Funzioni della prostata
La prostata ha la principale funzione di produrre e secernere un liquido particolare, detto liquido prostatico, che al momento dell’eiaculazione si riversa nell’uretra, combinandosi ad altri secreti. L’insieme di tutte queste componenti dà origine al liquido seminale (anche chiamato sperma), che fuoriesce dal pene al culmine dell’atto sessuale (eiaculazione). La prostata produce il 70% della parte liquida dello sperma.

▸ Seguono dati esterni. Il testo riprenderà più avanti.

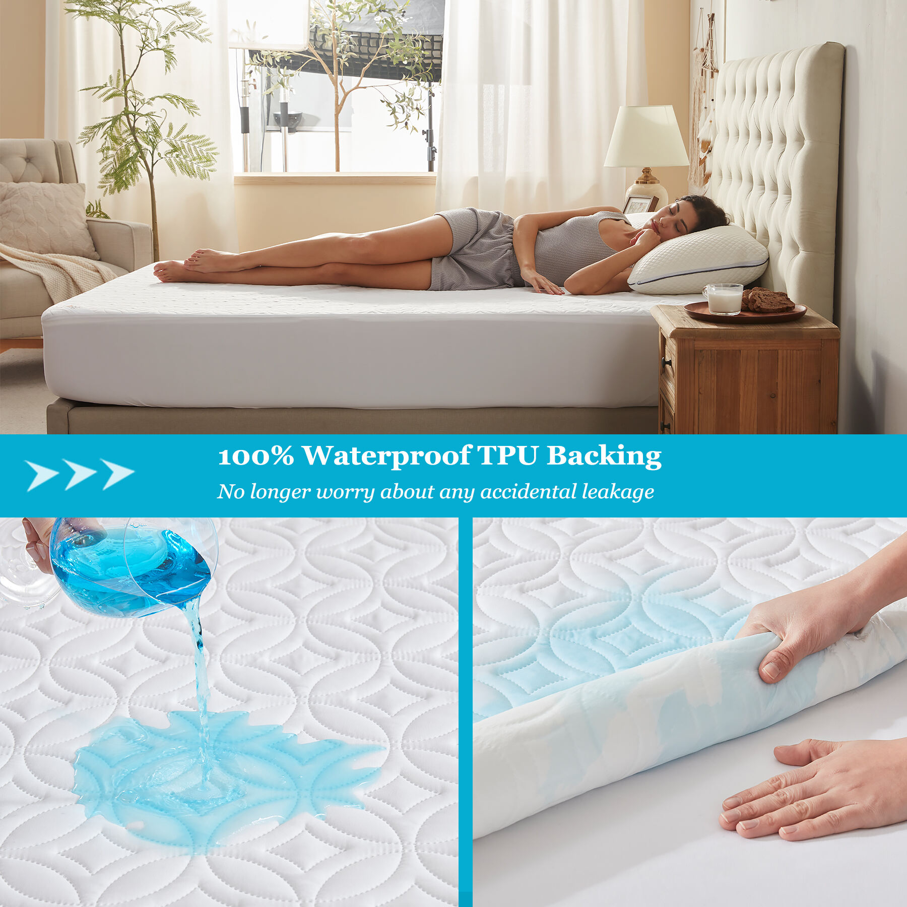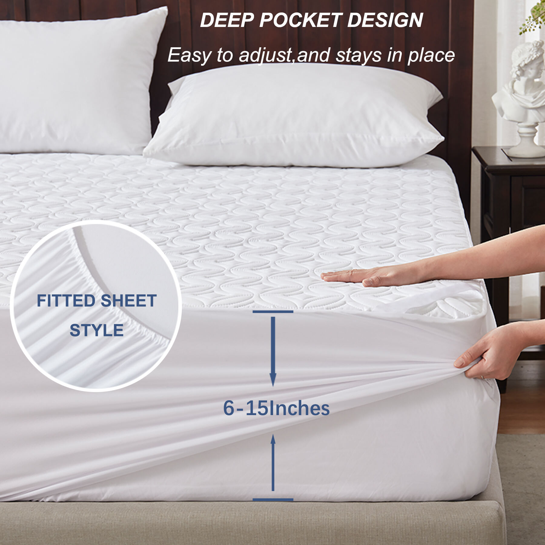 100% Waterproof Hypoallergenic Mattress Protector with Deep Pockets 6-15 inch ,Breathable Mattress Pad for Hotel Home(White)

Gli spermatozoi, prodotti nei tubuli seminiferi dei testicoli, beneficiano del liquido prostatico, il quale serve per aumentarne sopravivenza e motilità. Lo sperma, o liquido seminale, contiene infatti numerosi componenti con funzione tampone (per neutralizzare l’ambiente acido della vagina), lubrificante e nutriente. Oltre alla prostata, partecipano alla formazione del liquido seminale altre ghiandole accessorie: le bulbo uretrali e le vescicole seminali, che producono il 30% della parte liquida dello sperma. Nel loro insieme le secrezioni prostatiche costituiscono circa il 99% del volume spermatico.
Oltre ad assicurare una maggiore vitalità ai circa 50-200 milioni di spermatozoi immessi nella vagina all’atto dell’eiaculazione, le secrezioni spermatiche proteggono l’apparato riproduttivo maschile dai patogeni. Esse contengono infatti immunoglobuline, lisozima ed altri composti con attività antibatterica.
Un particolare componente dello sperma è lo zinco; dal momento che questo minerale raggiunge concentrazioni importanti nel liquido prostatico, anche se mancano dati certi sul suo ruolo nella riproduzione, viene spesso aggiunto agli integratori dedicati alla salute dell’apparato riproduttivo maschile.